The records -
--
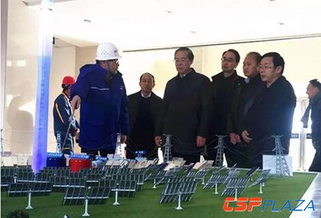 于叢樂秘書長一行近20余人先行來到公司辦公樓大廳,了解了公司的基本情況,隨后參觀了一期工程10MW電站的鏡場。參觀過程中,熊步青向于叢樂秘書長詳細介紹了公司發展情況、光熱儲能電站的工藝流程、聚光、吸熱、儲熱等關鍵核心技術、創新亮點、光熱產業的未來發展方向以及在建50MW工程建設情況。于叢樂秘書長在聽取介紹后表示國家一直以來大力支持清潔能源及特色產業的發展,中控太陽能光熱發電項目是國家級清潔能源示范點,通過新能源項目帶動相關產業發展,更多的為國家能源結構調整做出貢獻,同時突出產業優勢、實現經濟增長,做到企業科技創新,技術轉變。企業要遵循“創新、協調、綠色、開放、共享”的發展理念,聯合資源開發,形成“發、輸、儲、配”產業鏈,延長新能源產業體系。
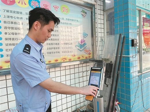 南寧市公安局交警支隊(duì)科研所民警展示“碼上回家·預(yù)約小精靈”小程序,用二維碼掃一掃智能機(jī)器即可向家長發(fā)送離校信息。
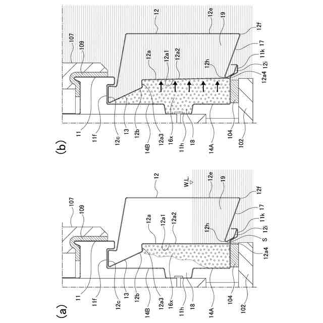 特に、この第2実施形態では、通気経路(VR)の中途部に水が溜まる貯留槽(11)を形成しており、この底(111)上に吸水性体積膨張材(8)が載置されている。そして、水が侵入し貯留槽(11)が水で満たされると吸水性体積膨張材(8)が膨張して、下垂部(12)と接触し、ここに形成されている通気経路(VR)を閉鎖して、水の床下空間(U)への侵入を阻止する構造が開示されている(図4参照)。
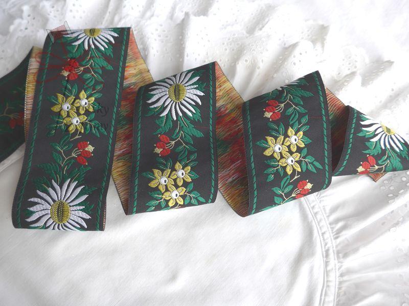 Stuha - Černá bílý květ se žlutýmiSkladem 6.5 m150 Kč/ m
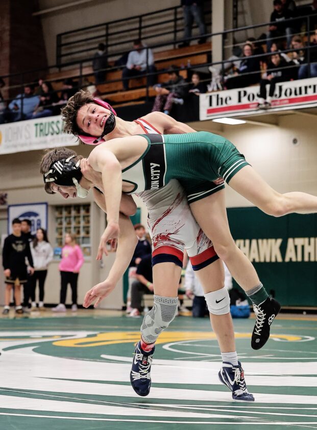 Southwestern senior Adrian Torres lifts Union City (Pa.) senior Van Ward during the 110-pound third-place match at the STWOA Holiday Classic on Saturday at Jamestown Community College’s Physical Education Complex. Photo courtesy of Michelle Gilmour
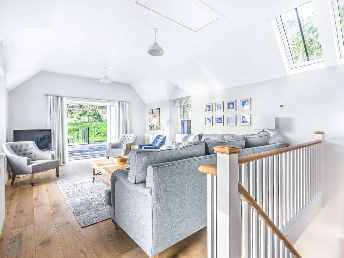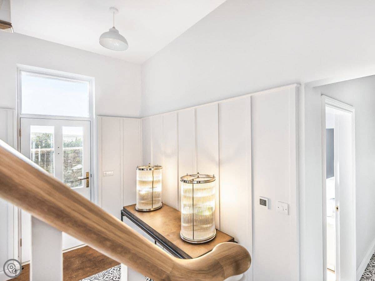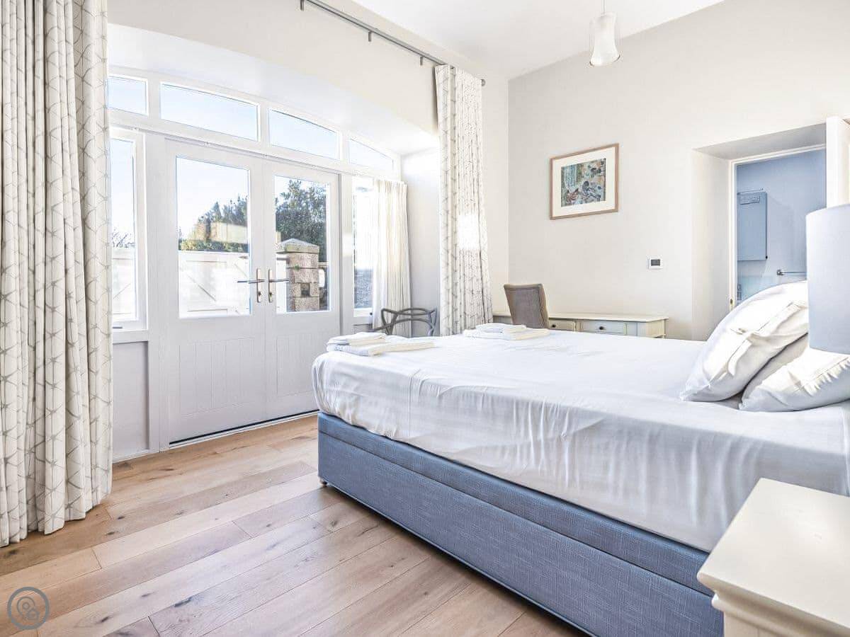It sleeps eight. Four bedrooms, each with its own bathroom. Three are en-suite, and there's a separate family bathroom too. It's got a 5 Star rating, so it's well equipped and comfortable. Everything's included: bedding, towels, WiFi. There's underfloor heating downstairs and an electric car charger on the drive.
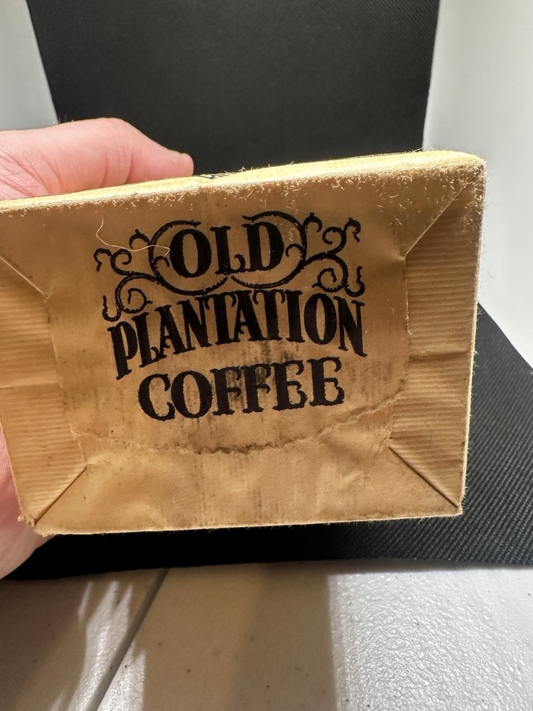 Discover a piece of Americana with the Vintage Old Plantation Coffee Steel Cut Product Bag, a charming relic from Terre Haute's past. The bag features classic branding that captures the essence of the era's coffee and tea theme, showcasing the rich history of Black Americana. Crafted in the United States, this original piece bears the distinct character of a bygone era, making it a unique find for collectors and enthusiasts alike. Its robust design and timeless appeal are a testament to the enduring legacy of Old Plantation's coffee heritage.
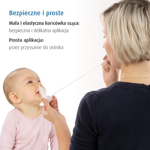 - Вдихаючи повітря з протилежного кінця трубки, ви використовуєте силу своїх легенів, щоб очистити ніс дитини.
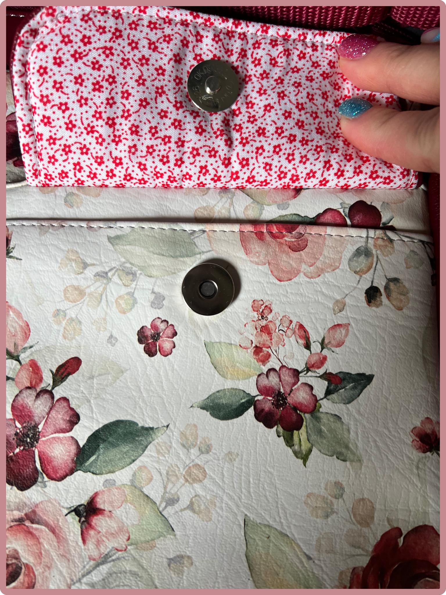 Fully lined floral interior with divided slip pockets and zipper pocket
--
What is needed - Pictures do not belong in the copy. Repeat exactly each line from the one with "Discover a piece" through the end of the listing.

Answer box -
 Discover a piece of Americana with the Vintage Old Plantation Coffee Steel Cut Product Bag, a charming relic from Terre Haute's past. The bag features classic branding that captures the essence of the era's coffee and tea theme, showcasing the rich history of Black Americana. Crafted in the United States, this original piece bears the distinct character of a bygone era, making it a unique find for collectors and enthusiasts alike. Its robust design and timeless appeal are a testament to the enduring legacy of Old Plantation's coffee heritage.
 - Вдихаючи повітря з протилежного кінця трубки, ви використовуєте силу своїх легенів, щоб очистити ніс дитини.
 Fully lined floral interior with divided slip pockets and zipper pocket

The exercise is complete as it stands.